Picking Up Where She Left Off
It's named for a farming implement and the job it performs. Down to the title, it's an album about doing the work for the results you want. In other words, it's about patience. Whether it's the plea of "Tennessee" or the shadows of "Dark Turn of Mind," there's a sense it's all about coming through some tough seasons. When one considers the last eight years (everything that's happened since the Iraq war began), it's easy in hindsight to consider the importance of patience. Yet, we face the 24-hour news cycle, instant gratification online, the constant tectonic shift of personal life. So far we've come from dragging the harrow across the field; collecting the harvest.
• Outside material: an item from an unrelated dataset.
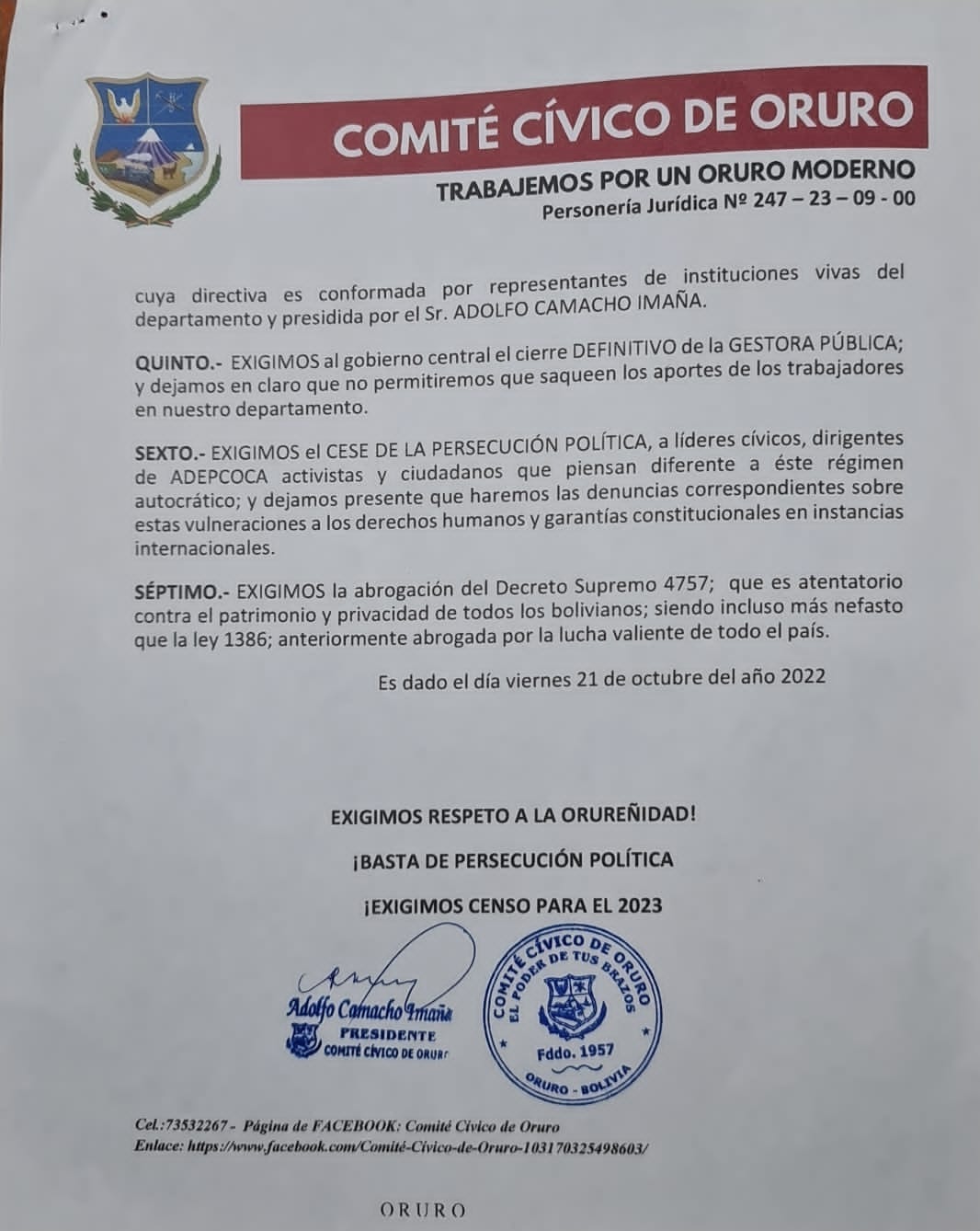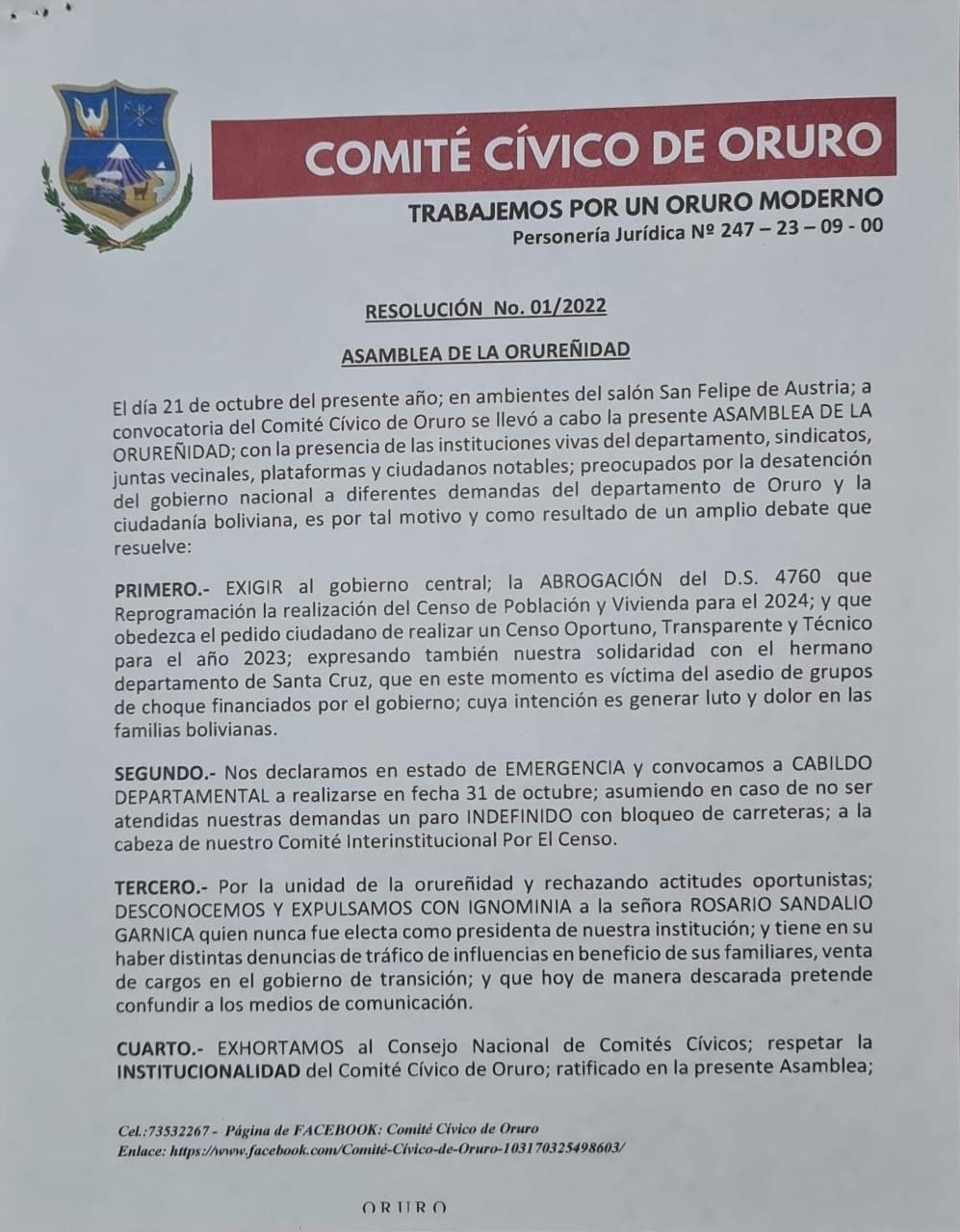 #Oruro se declara en ESTADO DE EMERGENCIA y convoca a Cabildo para el 31 de octubre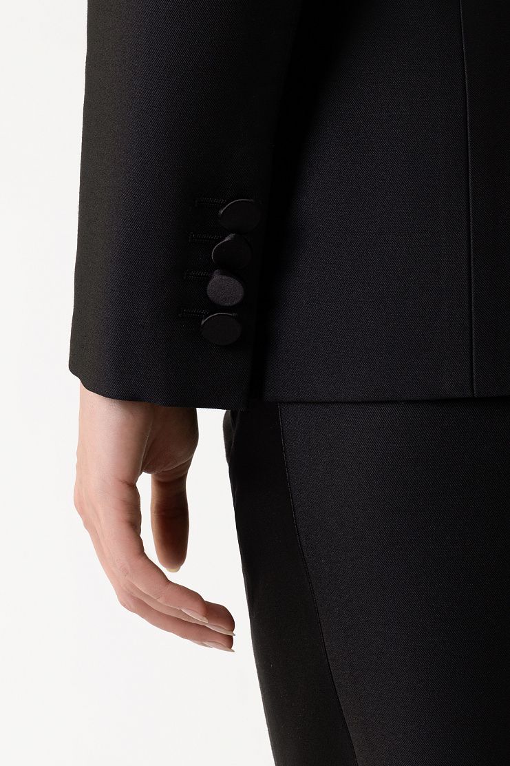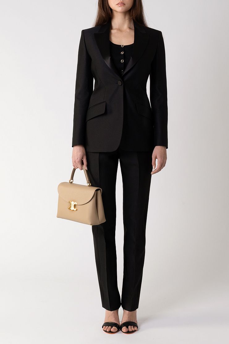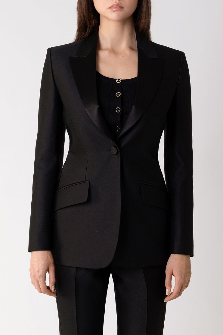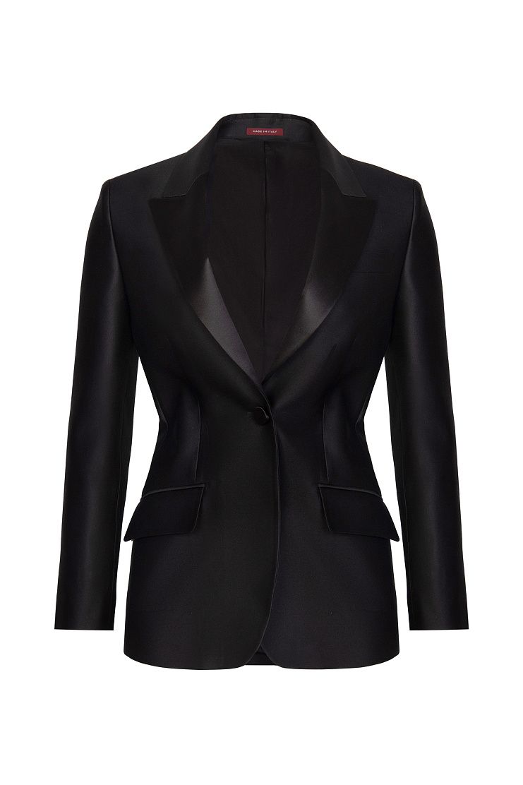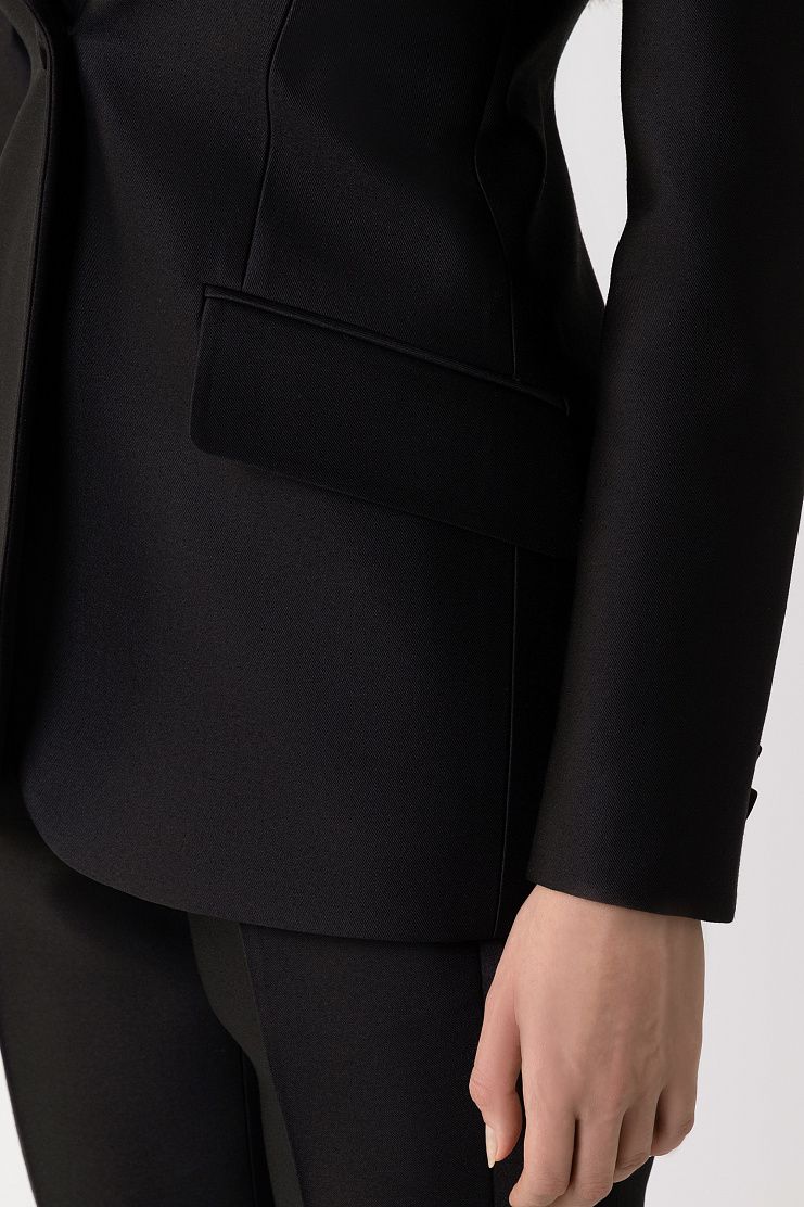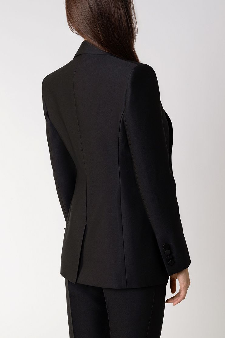 Приталенный жакет с акцентированной линией плеч выполнен из мягкой и тонкой шерсти. Однобортная модель с заостренными шелковыми лацканами, карманами с клапанами и шлицей сзади застегивается на обтянутую тканью пуговицу. Классический жакет органично дополнит и деловой, и вечерний образ.

In a way, it's a perfect artistic statement that this album took the duration of the Iraq War to produce. I don't mean that in a political sense. Consider the way the world has changed in that time, the way music has changed, the way our routines, our expectations, and the pace of it all, has changed. Or, as Gillian sings, "the way the cornbread crumbles."
So, Is It Worth the Wait?
In short, yes.
The third and fourth tracks alone pack a sizable one-two punch. "Throw Me a Rope" has been performed in concert by Welch and her partner David Rawlings for the past few years, and is one of the only such songs which wound up on the disc. (For the most part, they've laid down entirely new tunes.) This song in particular, though - in both honesty and heartbreak - eclipses pretty much any other sad song you may already know. (It starts with poetry before cutting to the raw chase. "I've never been so disabused / I've never been so mad.)
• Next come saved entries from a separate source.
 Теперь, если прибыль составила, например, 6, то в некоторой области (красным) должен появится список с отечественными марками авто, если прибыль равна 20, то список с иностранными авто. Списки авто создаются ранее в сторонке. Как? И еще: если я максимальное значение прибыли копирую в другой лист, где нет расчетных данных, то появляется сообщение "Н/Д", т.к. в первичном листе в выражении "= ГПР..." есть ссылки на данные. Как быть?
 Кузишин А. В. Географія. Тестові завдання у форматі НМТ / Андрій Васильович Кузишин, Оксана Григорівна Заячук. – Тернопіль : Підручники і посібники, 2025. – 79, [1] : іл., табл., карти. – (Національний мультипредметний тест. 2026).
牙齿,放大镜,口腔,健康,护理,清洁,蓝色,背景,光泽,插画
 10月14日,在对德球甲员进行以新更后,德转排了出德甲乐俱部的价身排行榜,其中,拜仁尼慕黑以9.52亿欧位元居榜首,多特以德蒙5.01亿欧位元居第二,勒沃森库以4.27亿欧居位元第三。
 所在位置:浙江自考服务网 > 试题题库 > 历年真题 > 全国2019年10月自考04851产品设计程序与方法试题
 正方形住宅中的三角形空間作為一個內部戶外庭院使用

"The Way It Goes" manages at once to comment on the economy, poverty in general, depression, drugs, and the way these things affect our personal relationships. There's also something in there about rural life and its rash of crystal meth labs and abuse, jail, and perhaps even the issue of overpopulation. I may be stretching, but all these things are at least alluded to, tied together with a catchy hook and a handful of solid guitar solos from Rawlings. On top of it all, Welch's voice sounds scratched and tired, worn from the way all these things hang on one's shoulders, on one's soul. That each hook ends with "There was a time when [we] were friends" accentuates that all of this is much more than a collection of political issues, but rather an intimate, individual problem which - like it or not - affects us each on a personal level.
The Bottom Line
At first listen, The Harrow and the Harvest is a very good record, but it seems like not much has changed for Welch in the past eight years. Give it a second and third run, and the songs begin to assault you one at a time. The fourth and fifth times through, it's a sentimental experience. But, if you keep listening, you find the disc revealing layers upon layers - a tall order for a disc which mostly just includes two voices and two stringed instruments (with an exception or two here and there).
On the unexpected chance anyone reading this review is on the fence about whether or not to pick this record up this summer, just stop reading and start listening to the music. Let the first time be a breaking in of sorts, and then take it into the car. Drive it around town and then put it into your MP3 player when you go to the beach or fly off to vacation. Wear it in. Drag the harrow, collect the harvest.